__What you should do__
Pictures stay out of the copy; output exactly the lines from the one containing "Φωτιά στα Βίλια: Μήνυμα" through the end of the material.

__Source data__
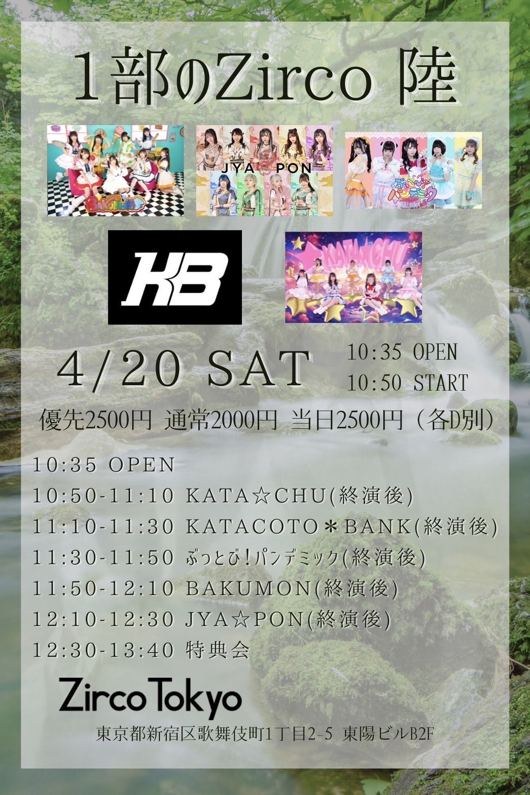 新宿歌舞伎町 Zirco Tokyo (ジルコトーキョー) スケジュール 2024.4.20(Sat) 1部のZirco 陸 [ACT] KATACOTO*BANK、ぶっとび!パンデミック、KATA⭐CHU、JYA☆PON、BAKUMON [OPEN/START] 10:35/10:50 [料金] 優先 2500円/通常 2000円/当日2500円((1Drink代金¥600別途必要) ▶入場順:①優先 ②通常 ③当日
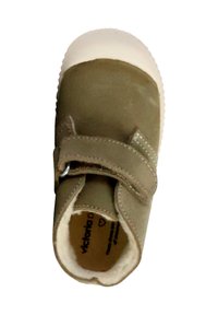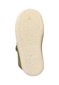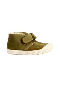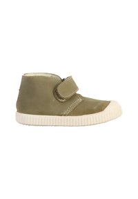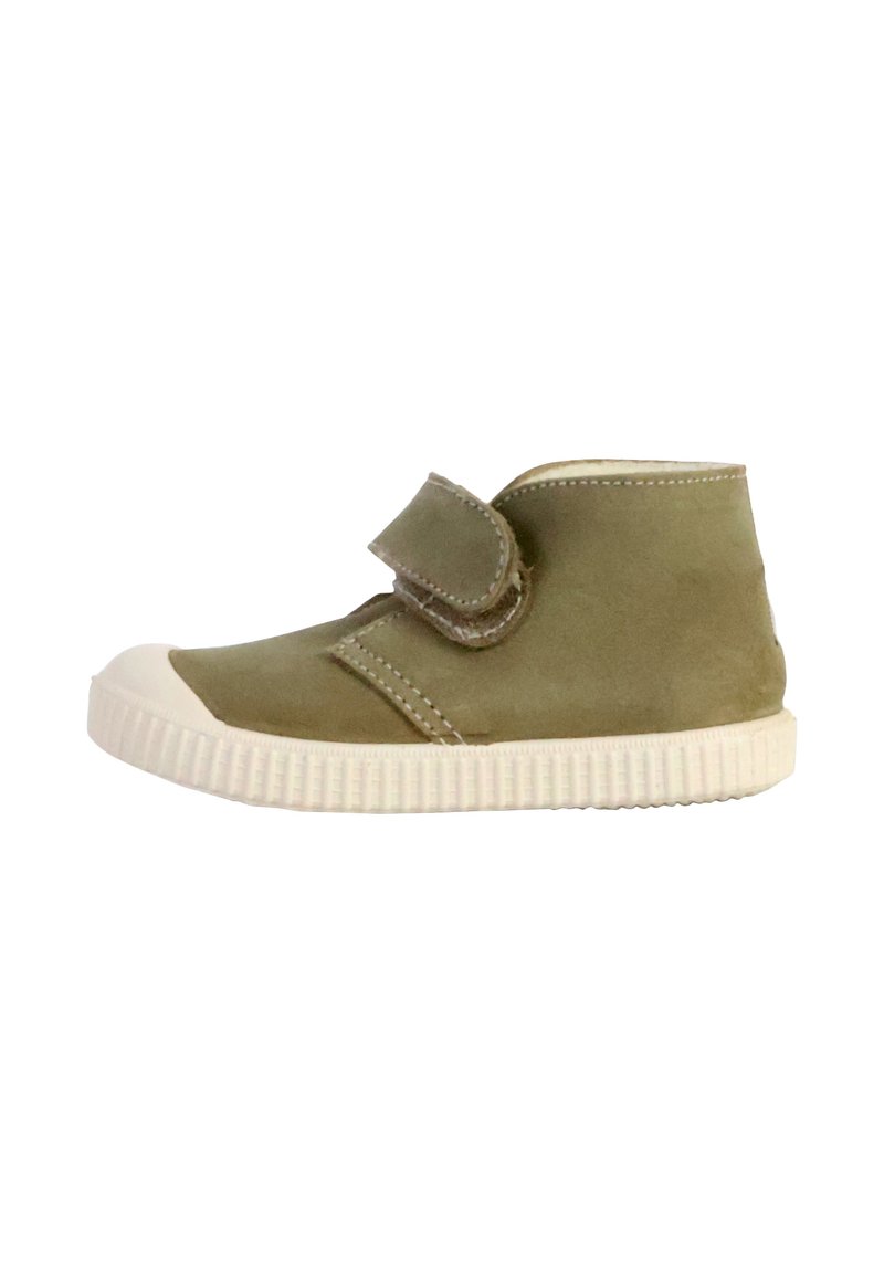 Groene suède enkellaars met witte rubberen neusstuk, klittenbandsluiting en een gestructureerde zool. Kenmerkt zich door gestikte accentlijnen.
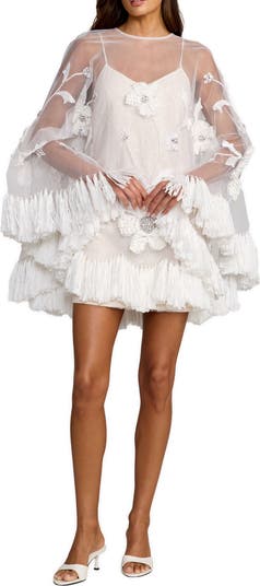 Tulle overlay mini dress with 3D floral appliqué, sequin leaf detailing, and fringe trim over a sheer long sleeve silhouette.
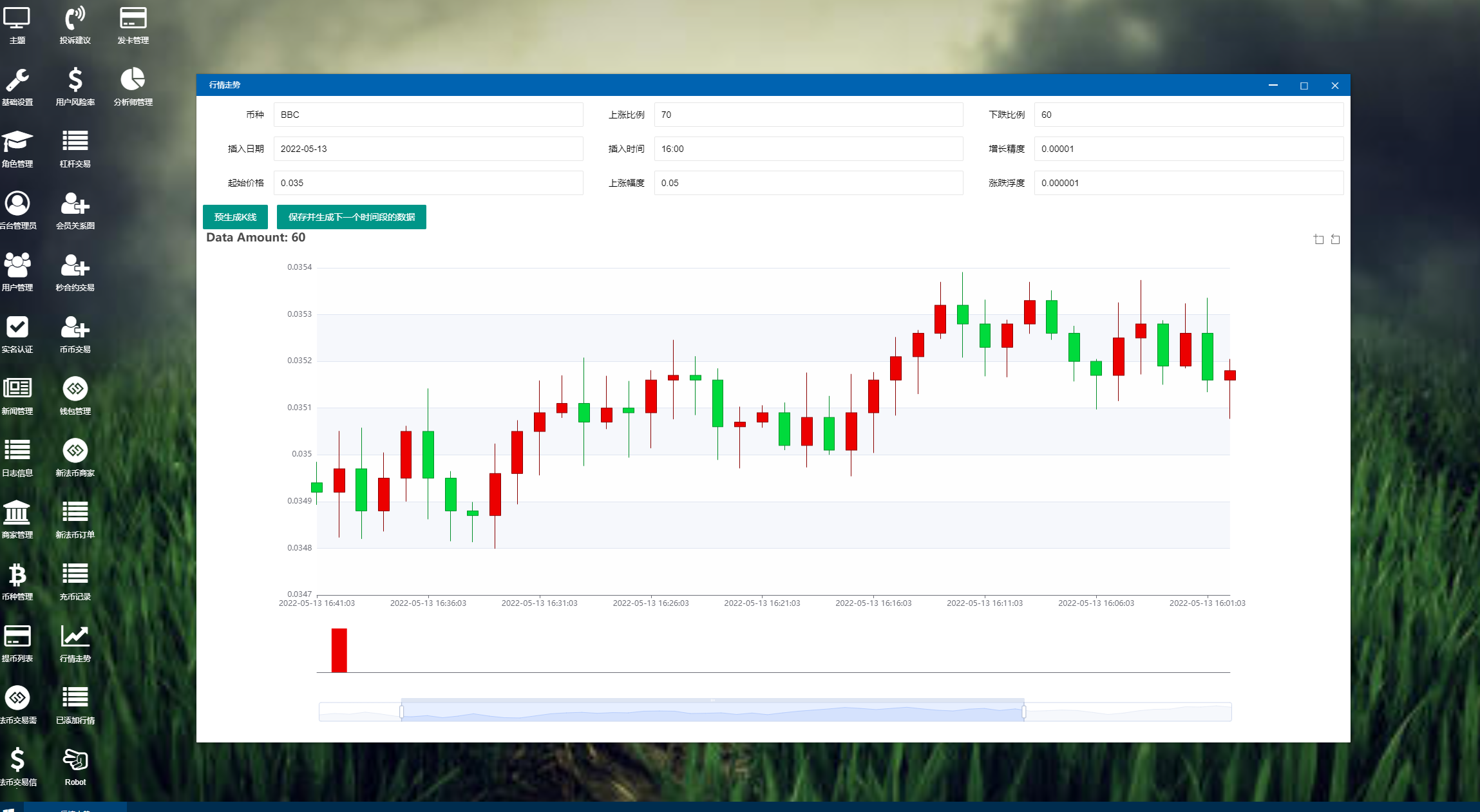 1、平台概况(实时行情、高端K线、合约交易、BI数据分析、币种统计、用户统计、交易统计、异常用户)
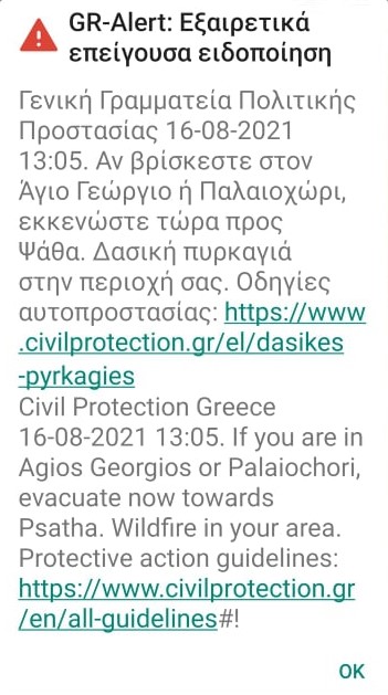 Φωτιά στα Βίλια: Μήνυμα από 112 για εκκένωση Αγίου Γεωργίου – Παλαιοχωρίου προς Ψάθα
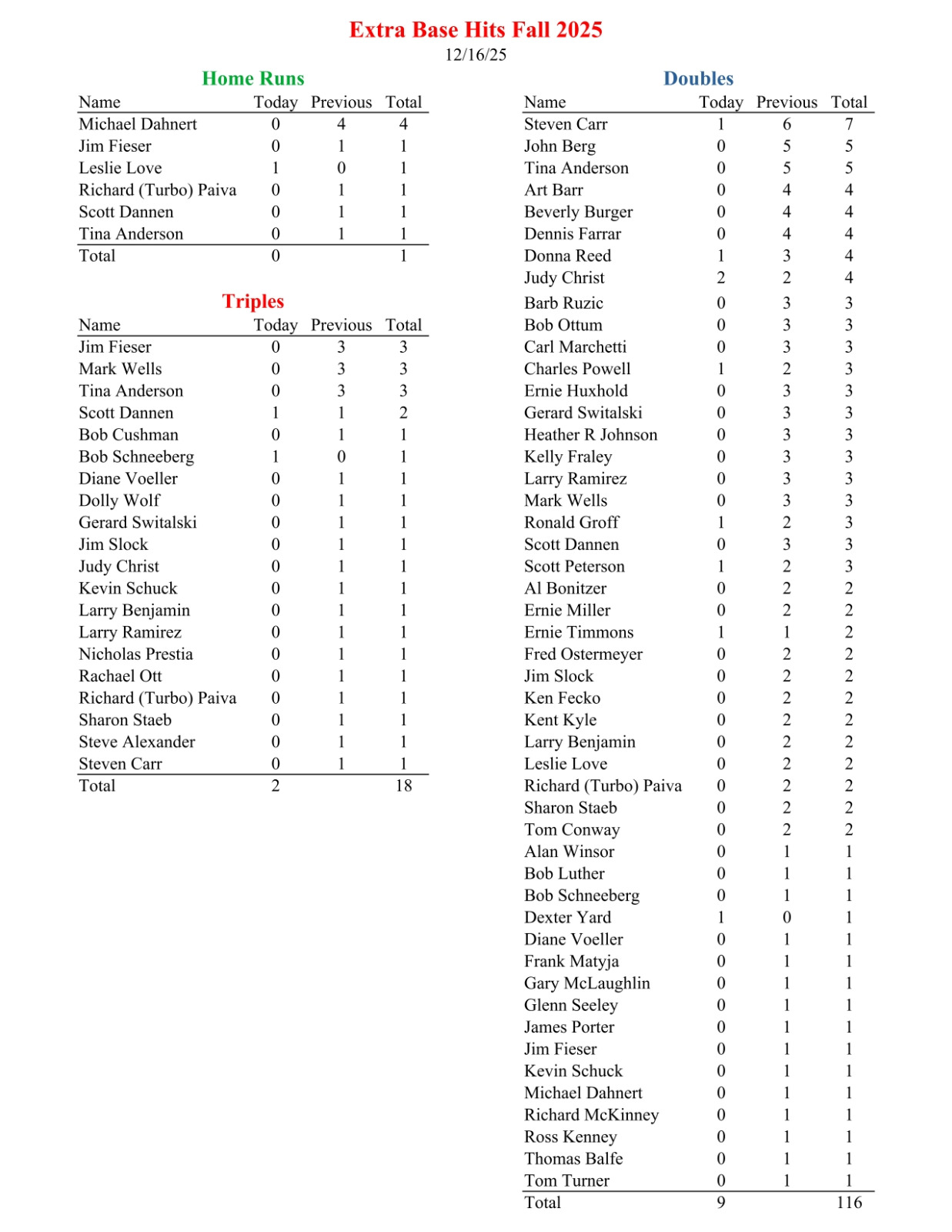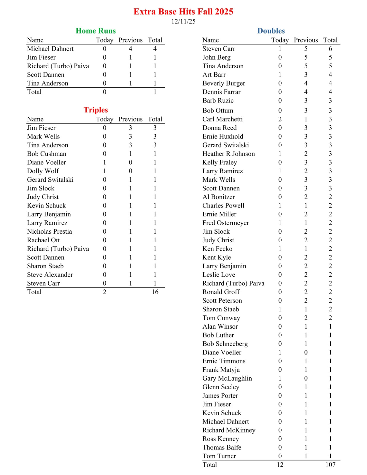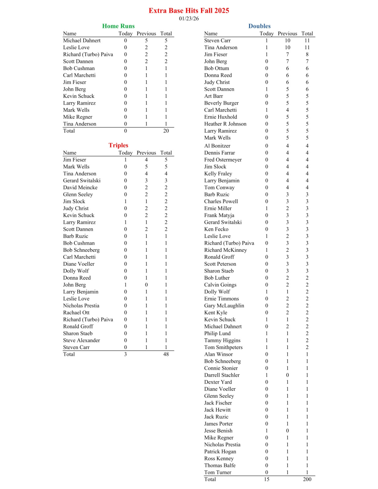 NL Extra Base Hits
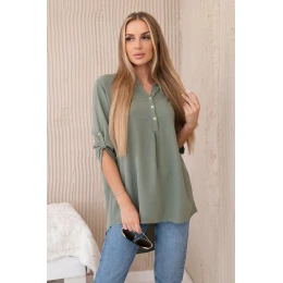 Blúzka s predĺženým zadným dielom svetlej khaki farby
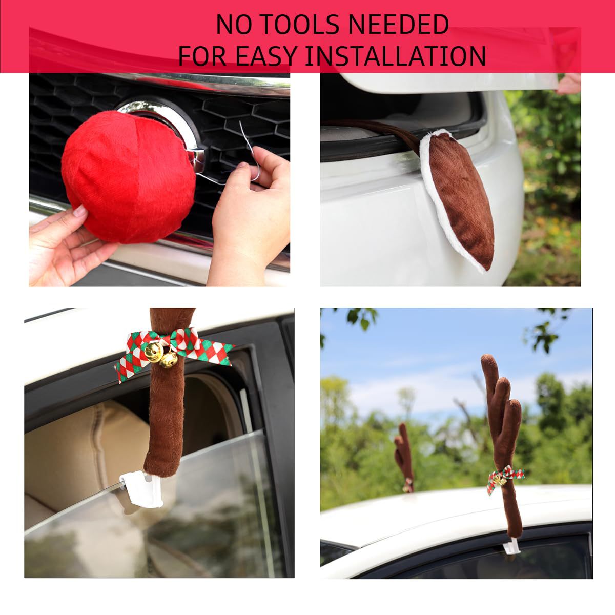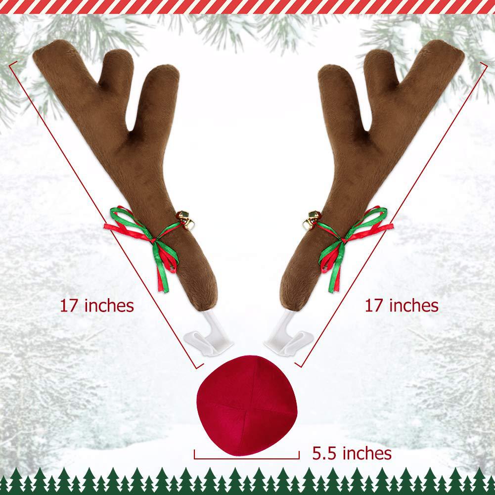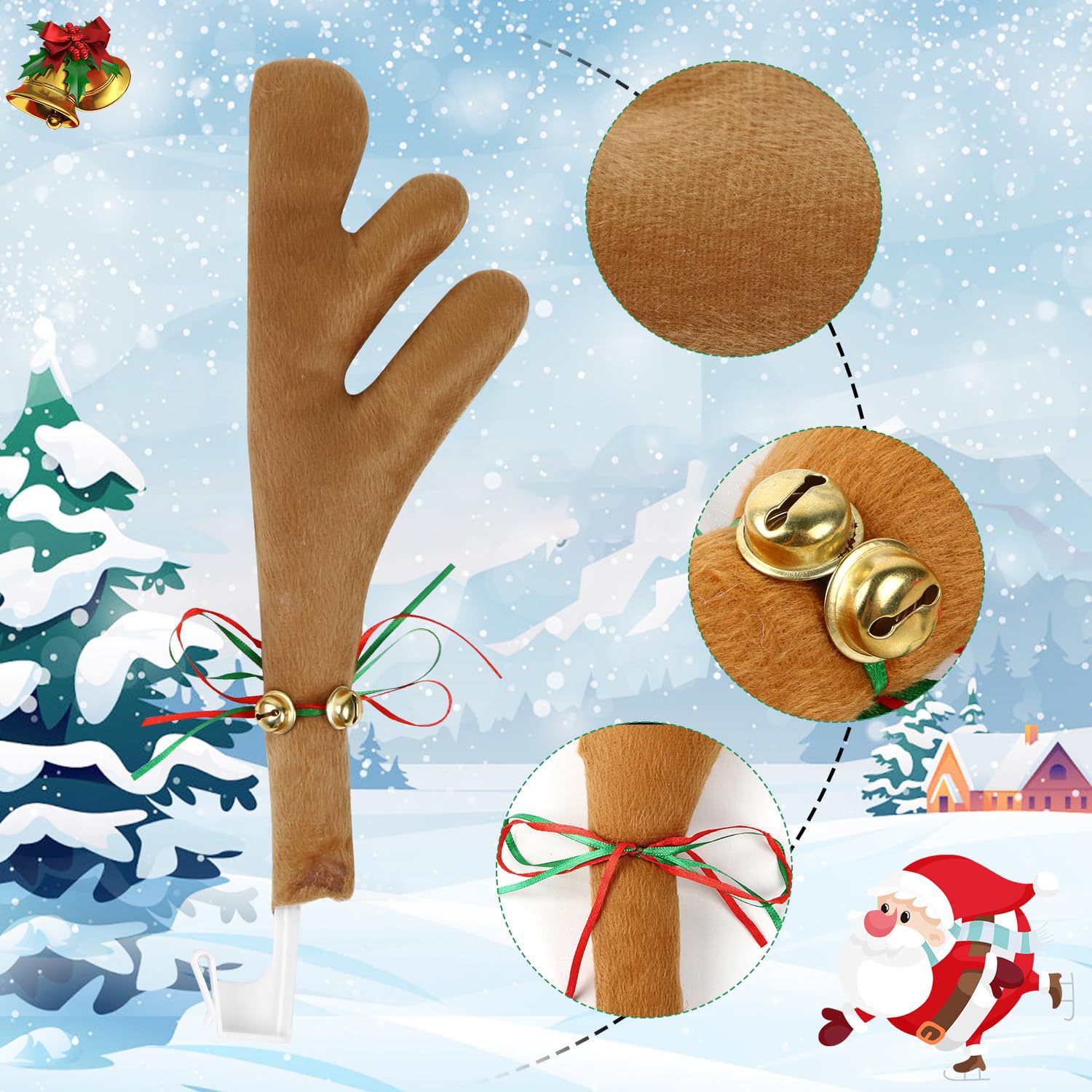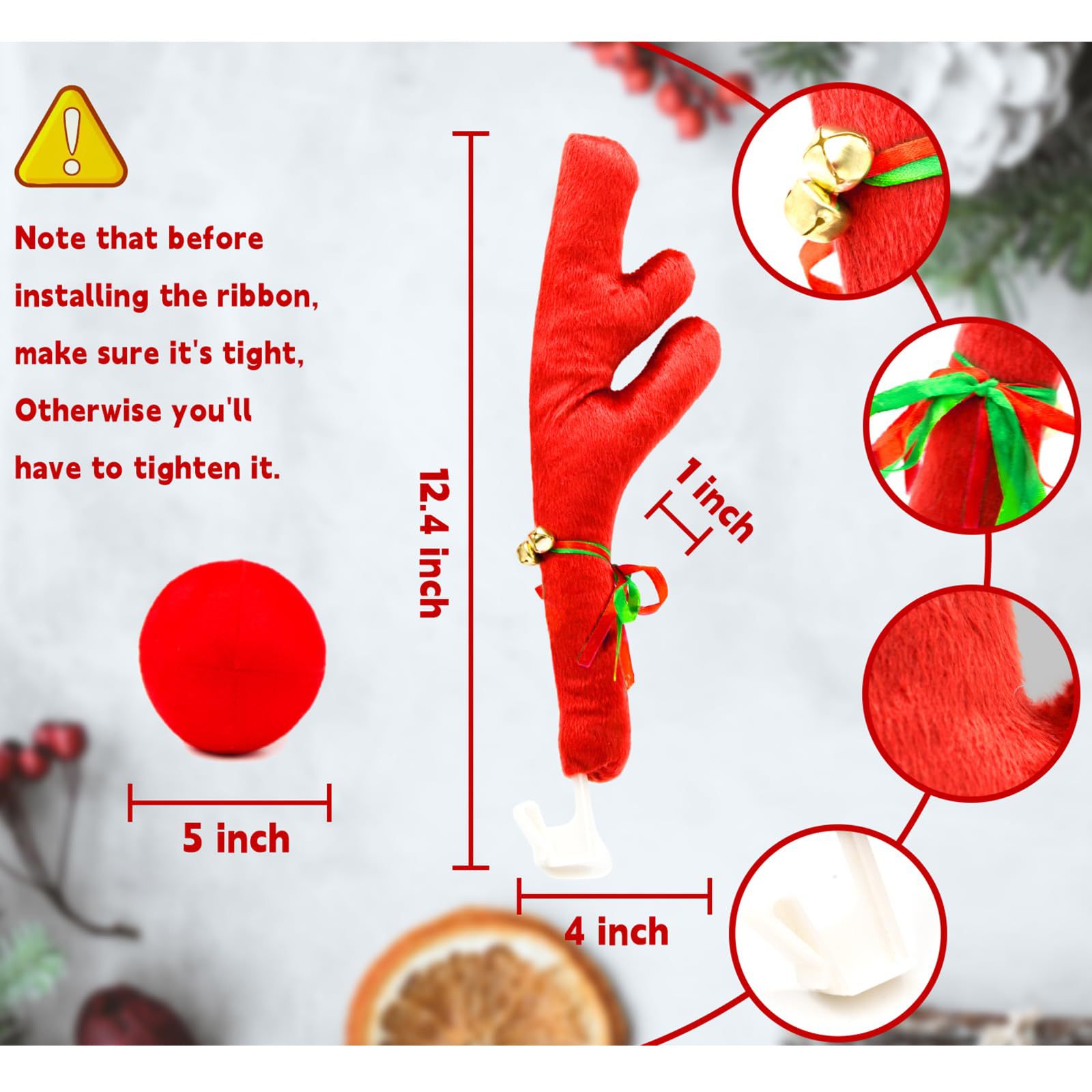 圣诞节汽车鹿角短毛绒 深棕卡其色大红色鹿角 节日发光铃铛装饰品

__Response area__
 Φωτιά στα Βίλια: Μήνυμα από 112 για εκκένωση Αγίου Γεωργίου – Παλαιοχωρίου προς Ψάθα
 NL Extra Base Hits
 Blúzka s predĺženým zadným dielom svetlej khaki farby
 圣诞节汽车鹿角短毛绒 深棕卡其色大红色鹿角 节日发光铃铛装饰品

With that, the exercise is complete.